Why Bradley-Terry Instead of Regression?
An alternative would be regression: ask humans to rate A and B separately on a 1-5 scale, then train the RM to predict those ratings.
Why Bradley-Terry (relative ranking) is better:
-
Easier annotation: Comparing two things is easier than assigning absolute ratings. Humans are better at “A vs. B” than “What number is this?”
-
Less ambiguous: A 3-star response is ambiguous. Does it mean “good” or “mediocre”? With comparisons, the judgment is clear.
-
More data-efficient: You can generate many (y_A, y_B) pairs from fewer unique responses by comparing different pairs.
-
Natural human judgment: Humans naturally compare. Absolute ratings require calibration across raters.

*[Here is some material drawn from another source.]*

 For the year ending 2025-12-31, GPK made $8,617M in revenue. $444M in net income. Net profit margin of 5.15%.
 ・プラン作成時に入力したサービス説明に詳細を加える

In the paper, the RM achieves ~73% inter-rater agreement with humans on held-out test set. Not perfect, but good enough to guide RL.
After Training: Scoring New Responses
Once trained, the RM can score any (prompt, response) pair, even ones it never saw during training.

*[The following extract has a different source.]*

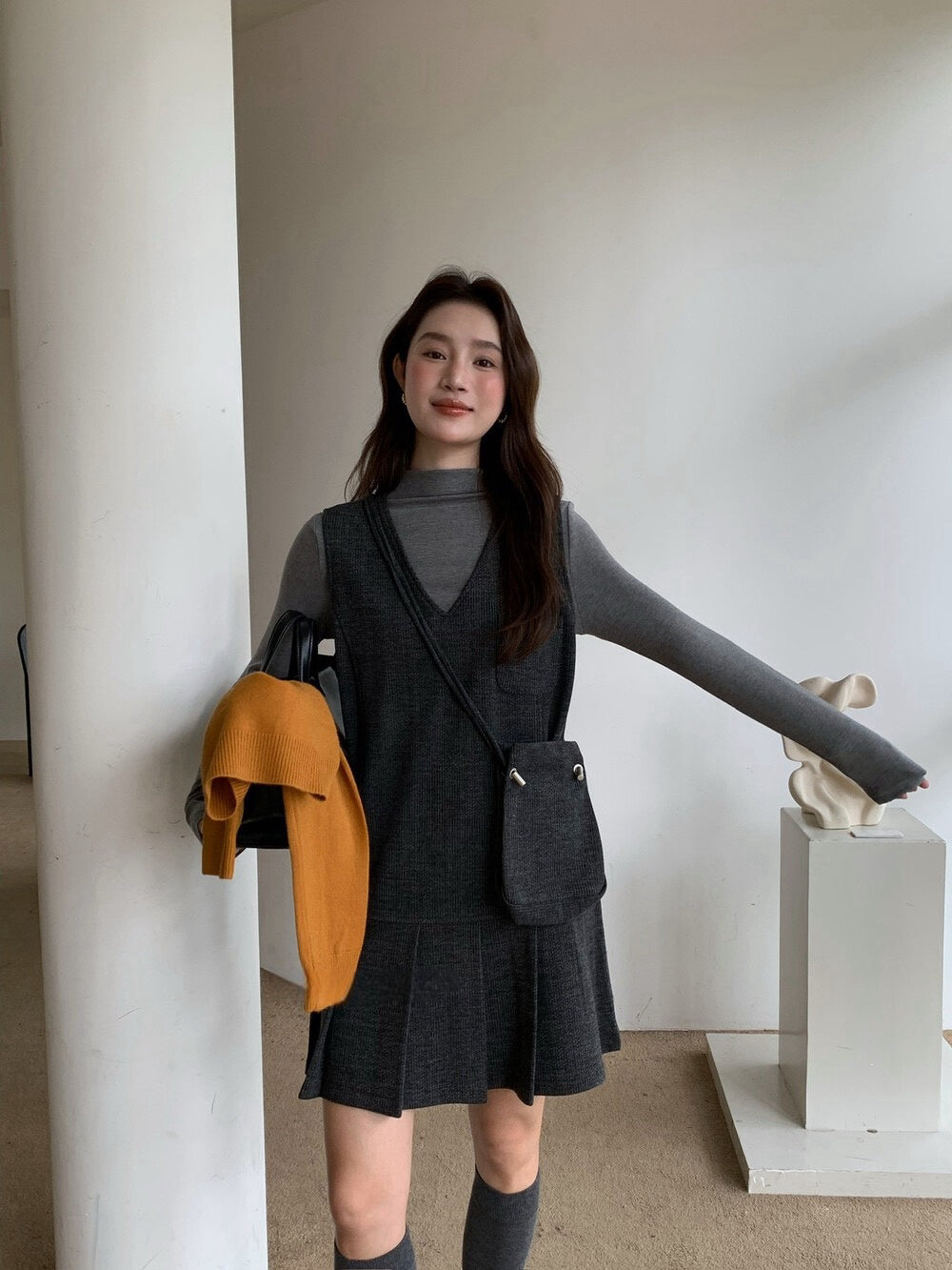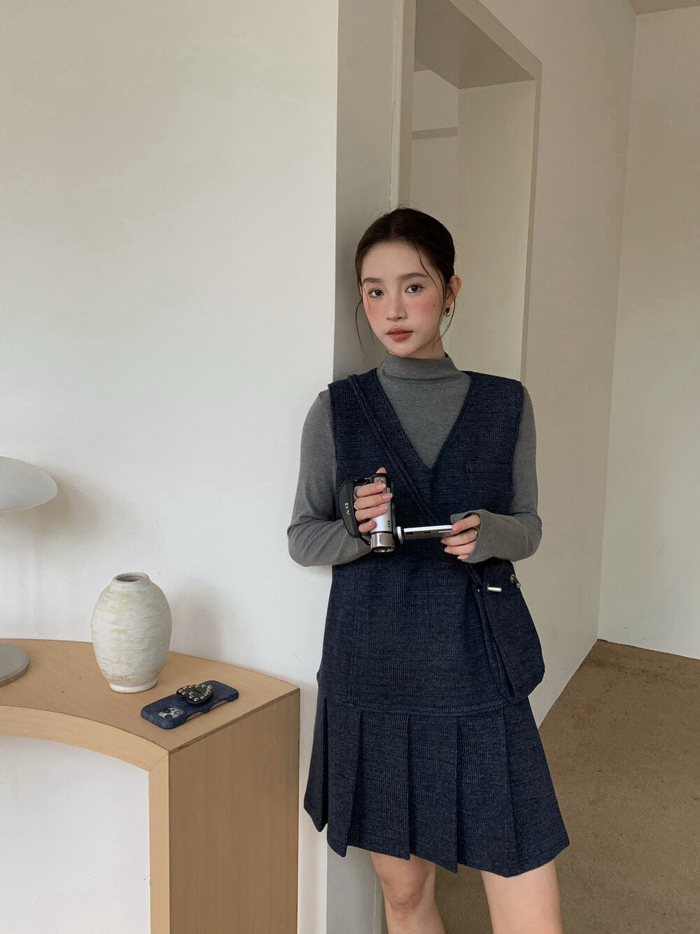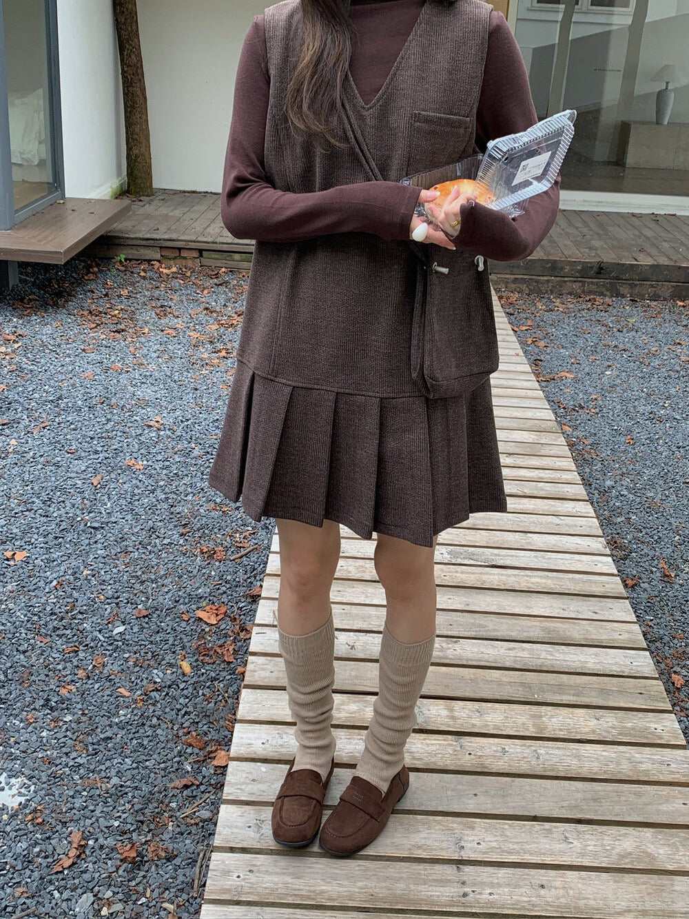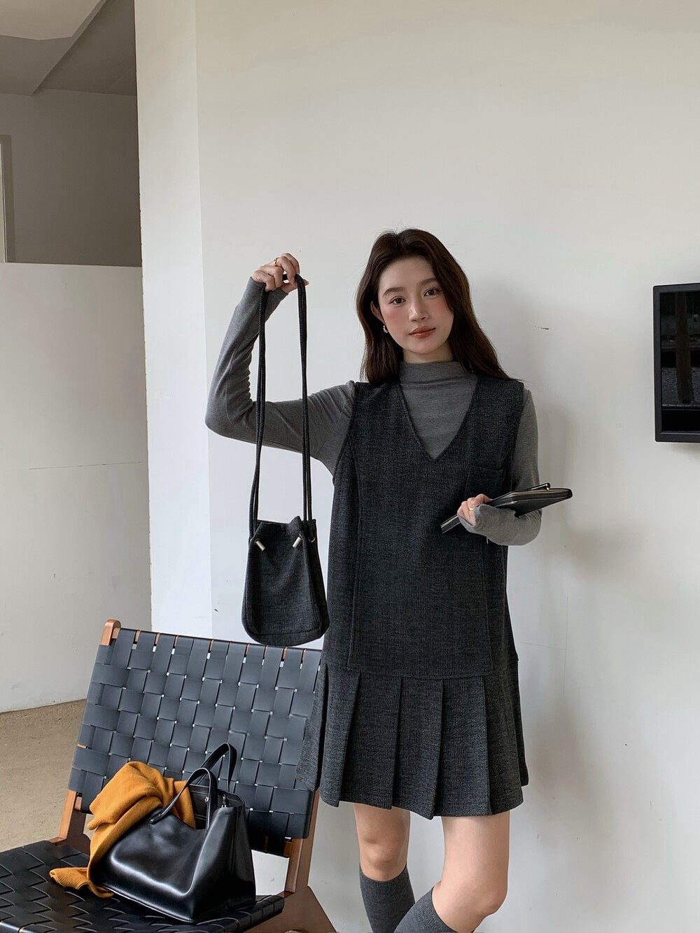 // V領百褶腳背心OPS+高領彈性打底兩件套(連袋仔)

New Prompt: "How do birds fly?"
New Response (from the RL policy):
"Birds have special bones that are hollow and light. Their wings have
feathers arranged to push air down, creating lift. Flying is controlled
by powerful flight muscles. Pretty cool!"
RM scores it:
r_θ(x, y_new) = 1.7
In the context of training, this might score lower than a perfect response
(which might get r = 2.5), but higher than a poor response (which gets r = -0.5).
This score becomes the reward signal for the RL stage.
Key Takeaway
The RM training is:
- Simple: Binary classification on preferences
- Efficient: Trains fast, requires ~0.5 GPU hours
- Generalizable: Learns patterns that transfer to new (prompt, response) pairs
- Scalable: Can rank any number of responses without retraining
This is the bridge between human feedback (which is expensive) and RL (which can leverage a learned reward function).